Gnathopod 1 (Figs 6d–6g; 10b, 10d): subequal in size to gnathopod 2; coxal plate oval, with 2 apical setae; basis with numerous (up to 12) long setae inserted along posterior margin, 5 long setae inserted along medial margin and1 short seta on anterior margin; ischium with 8 plumose setae; merus with 17–18 distal setae; carpus is about 30% of the length of propodus, with 4 anterior and a group of posterior setae; propodus 1.4X longer than broad, with 3 groups (with 2–3 setae each) of medial and 3 groups (2 setae each) of inferior medial setae; palm oblique with a double row of 12 inner and 16 outer bifurcate robust setae; palm groove (depression), where dactylus enters, with 4 inner robust and 5 large outer robust setae (Figs 6e, 6f; 10d; 12d); dactylus with 3 outer and 7 inner setae.
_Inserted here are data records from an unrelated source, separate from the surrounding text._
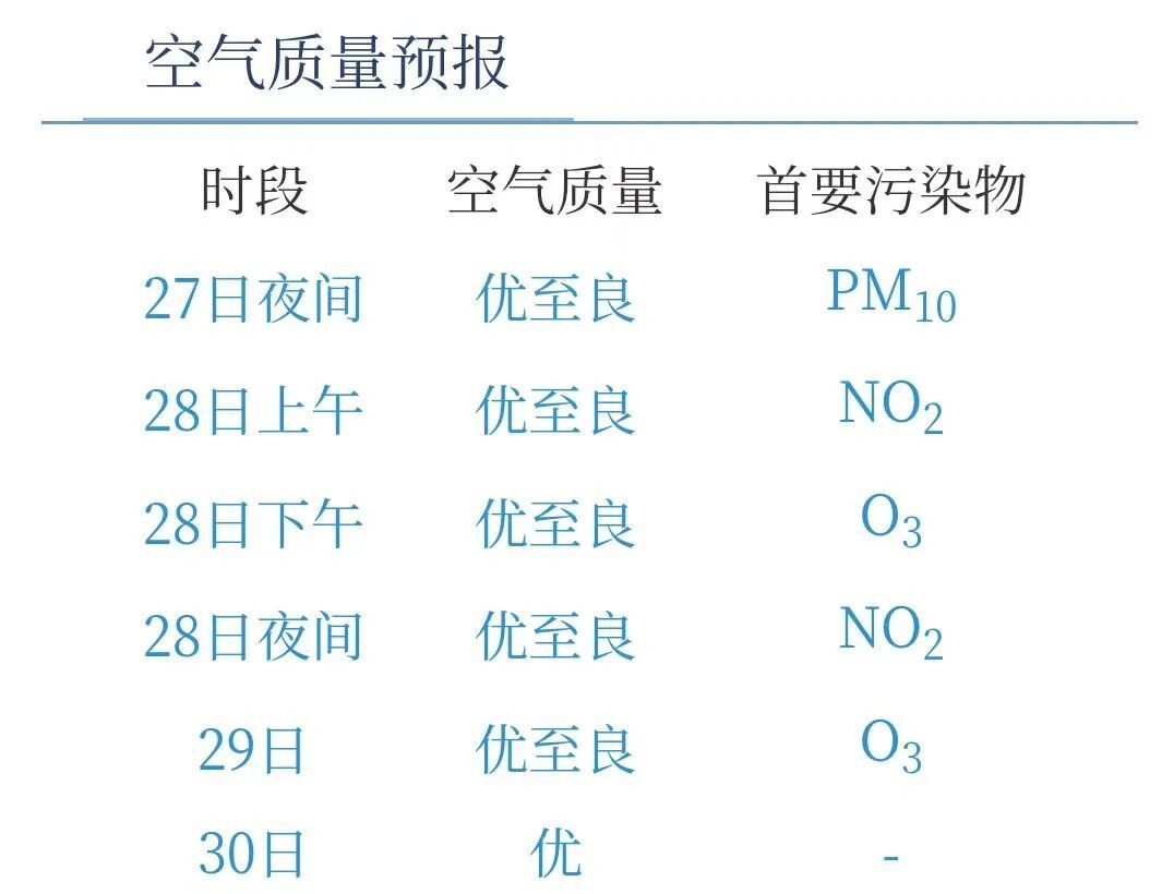今天夜间到后天空气质量优至良;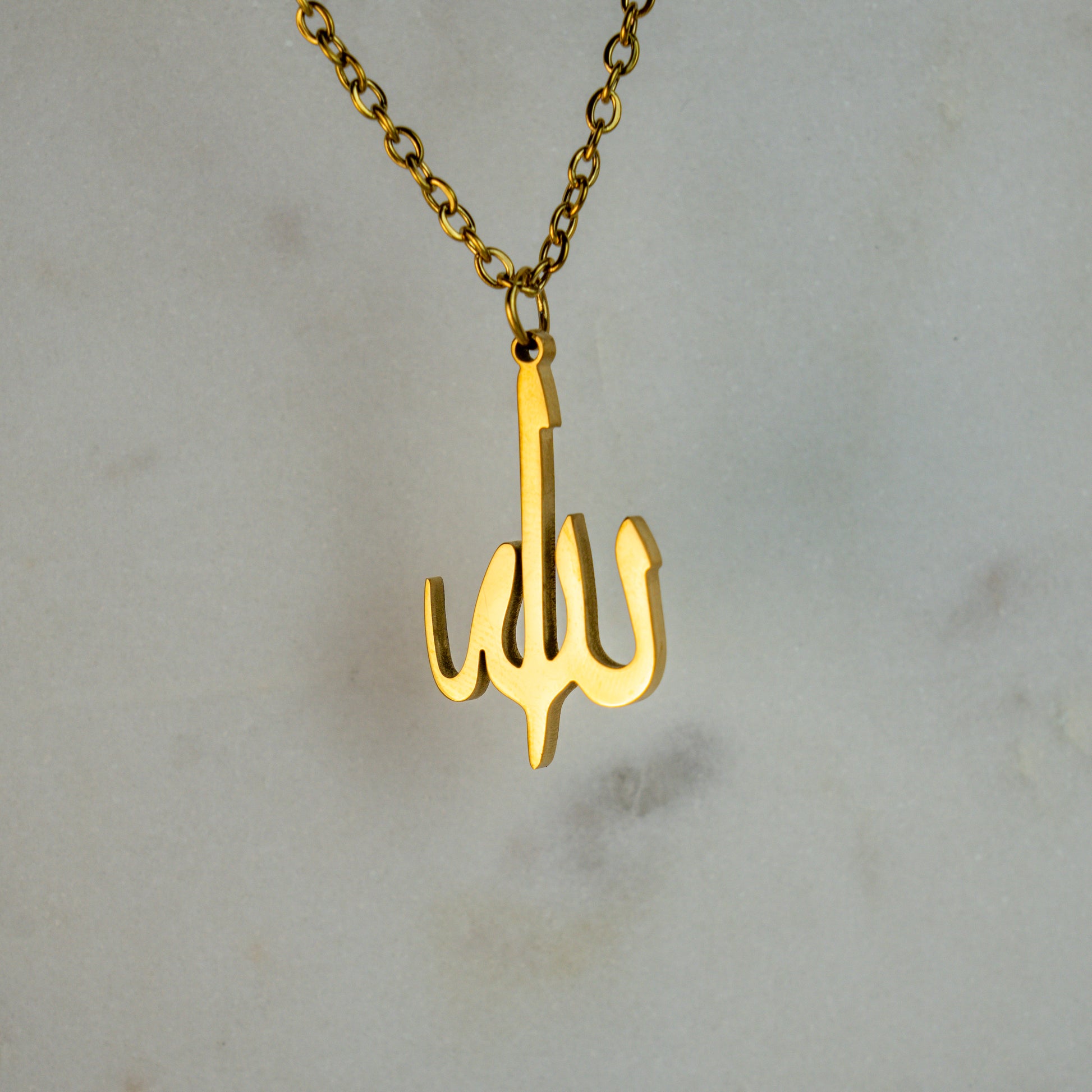 A bold design with deep meaning - this necklace features the name Allah in a unique Arabic calligraphy. A modern expression of unwavering faith, made to stand out with purpose.
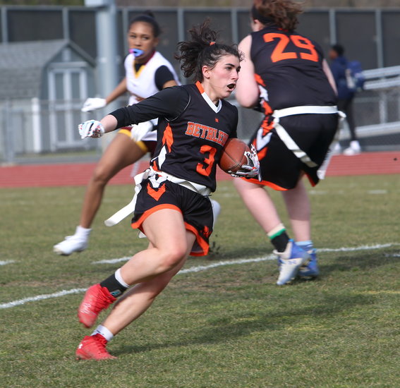 On Monday afternoon, March 30, the Bethlehem flag football team kicked off its home opener of the 2026 season as they took on Colonie. The Wolfpack defense didn’t allow much to the Eagles’ offense as they fell 25 to 0.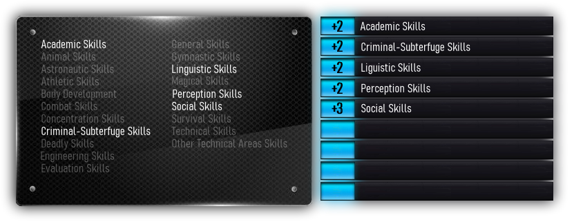 | Lvl Bonus | +3 | +3 | +3 | +3 | +3 | +3 | +3 | - | - | - | - | - | - | - | - | - | - | - | - | - | - |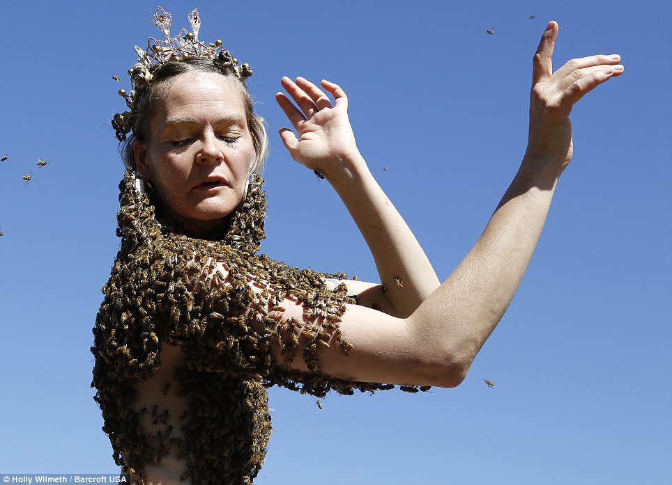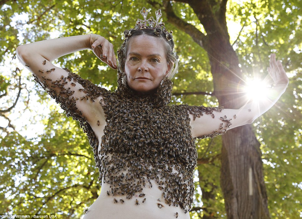 Sara is an Oregonian artist and energy therapist that wears a coat made from thousands of bees on her topless torso. Her bee performance aims to help people conquer their fears and become one with nature.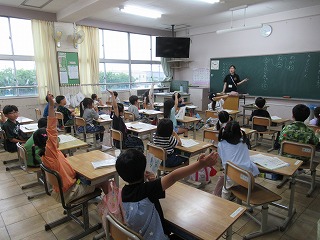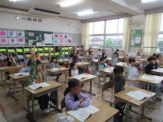 1年2組は国語の時間でした。ひらがなを使ってしりとりをしながら、知っている言葉を発表し合っていました。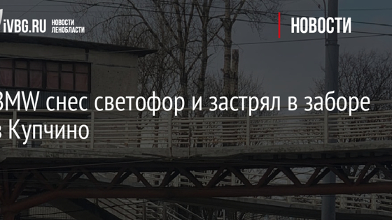 BMW снес светофор и застрял в заборе в Купчино
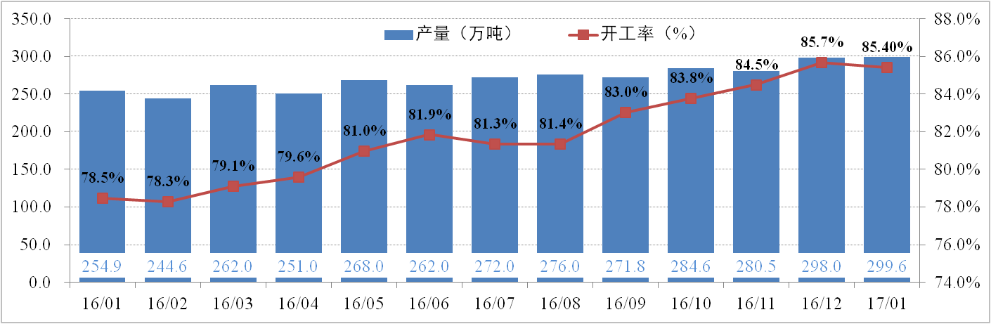 供給方面:2月10日,全國電解鋁有效產能為4,226.6萬噸,運行產能37萬37.5噸,開工率為88.42%。其中,1月份電解鋁總產量為299.6萬噸,供應持續增加。調研數據顯示,2017年電解鋁新產能已投產98.1萬噸,預計年度最終實現588.5萬噸;電解鋁復產21.2萬噸,預計年內最終實現152萬噸。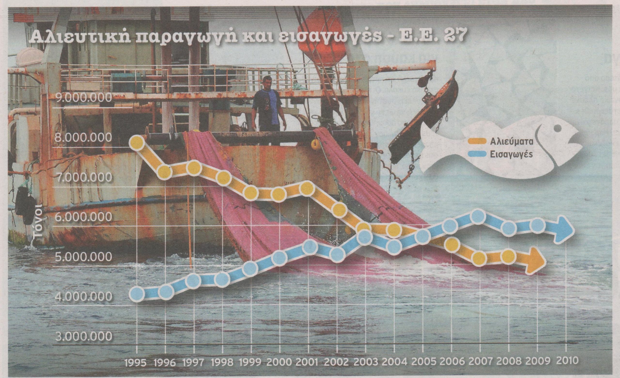 Οσο κι αν δείχνουν ανεξάντλητα, δεν είναι… Τα ψάρια στις ελληνικές θάλασσες θα είχαν από τον Αύγουστο αφανιστεί, αν η χώρα μας στηριζόταν μόνο στην ντόπια παραγωγή για να καλυφθεί η ζήτηση και δεν εισήγε αλιεύματα, σύμφωνα με πανευρωπαϊκή έρευνα.Από το 1990 μέχρι και το 2009 τα ψάρια της Ελλάδας… εξαντλούνται κάθε χρόνο κοντά στον Αύγουστο, με τάσεις επιδείνωσης.Για το σύνολο της ΕΕ οι δείκτες είναι ακόμη χειρότεροι, αφού το 2009 τα ψάρια κάλυπταν μόλις το 50% της ετήσιας ζήτησης.ΠΑΤΗΣΤΕ ΠΑΝΩ ΣΤΗ ΦΩΤΟ ΓΙΑ ΜΕΓΑΛΥΤΕΡΗ ΑΝΑΛΥΣΗ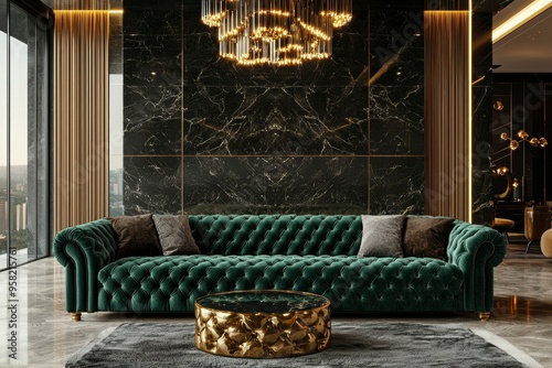 Luxurious Living Room with Green Velvet Sofa and Gold Accents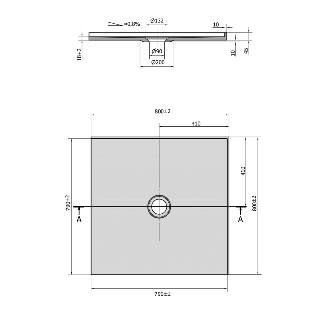 - Drážky na spodní straně umožňují vaničku nalepit přímo na podlahu. Díky nízké výšce 18 mm lze dlažbu nalepit do stejné roviny s vaničkou.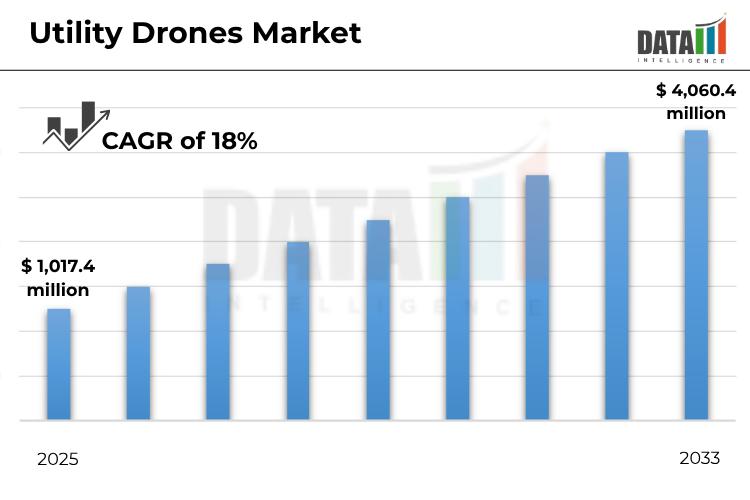 "Global Utility Drones Market reached US$ 1,017.4 million in 2025 and is expected to reach US$ 4,060.4 million by 2033, growing with a CAGR of 18% during the forecast period 2026-2033."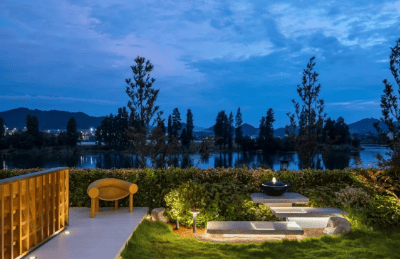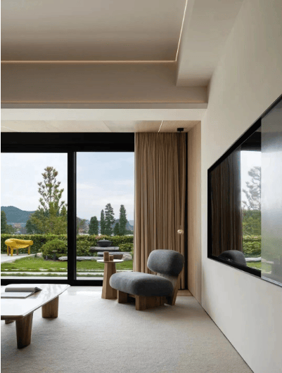 原建筑是江南合院风格,窗格密集,采光和视野受限,设计师第一步就是把小窗替换成大面积系统玻璃门窗,让湖景、山景都能最大化进入室内,自然光线和景观成为空间的“主角”,减少人工装饰的负担

Gnathopod 2 (Figs 6h, 6i; 10f, 10h): coxal plate rounded, with 6 apical setae; basis with numerous (up to 8) long setae inserted along posterior margin and 3 long setae inserted along anterior margin; ischium with 4 long simple setae; merus with 6 posterodistal setae; carpus 35% propodus length, with 2 anterior setae and 5 groups of plumose posterior setae; propodus 1,7X longer than broad with 4 groups of superior medial (2–3 setae each), 2 groups (5 setae) inferior medial and 3 groups of posterior setae; palm oblique with a double row of 12 inner and 16 outer, bifurcate robust setae; palm groove (depression), where dactylus enters, with 4 inner robust setae and 5 outer robust setae (Fig. 10h); dactylus with 3 outer and 4 inner setae.

Pereopod 3 (Fig. 8a, 8b): coxal plate with 5 apical setae; basis with numerous anterior (4 long and 4 short) and posterior (10–11) setae; merus 1.3X longer than carpus; propodus 1.1X longer than carpus; dactylus proximately is about 30% of the length of propodus, with plumose seta on outer margin, stout seta on distal corner of inner margin followed by thin seta on distolateral margin.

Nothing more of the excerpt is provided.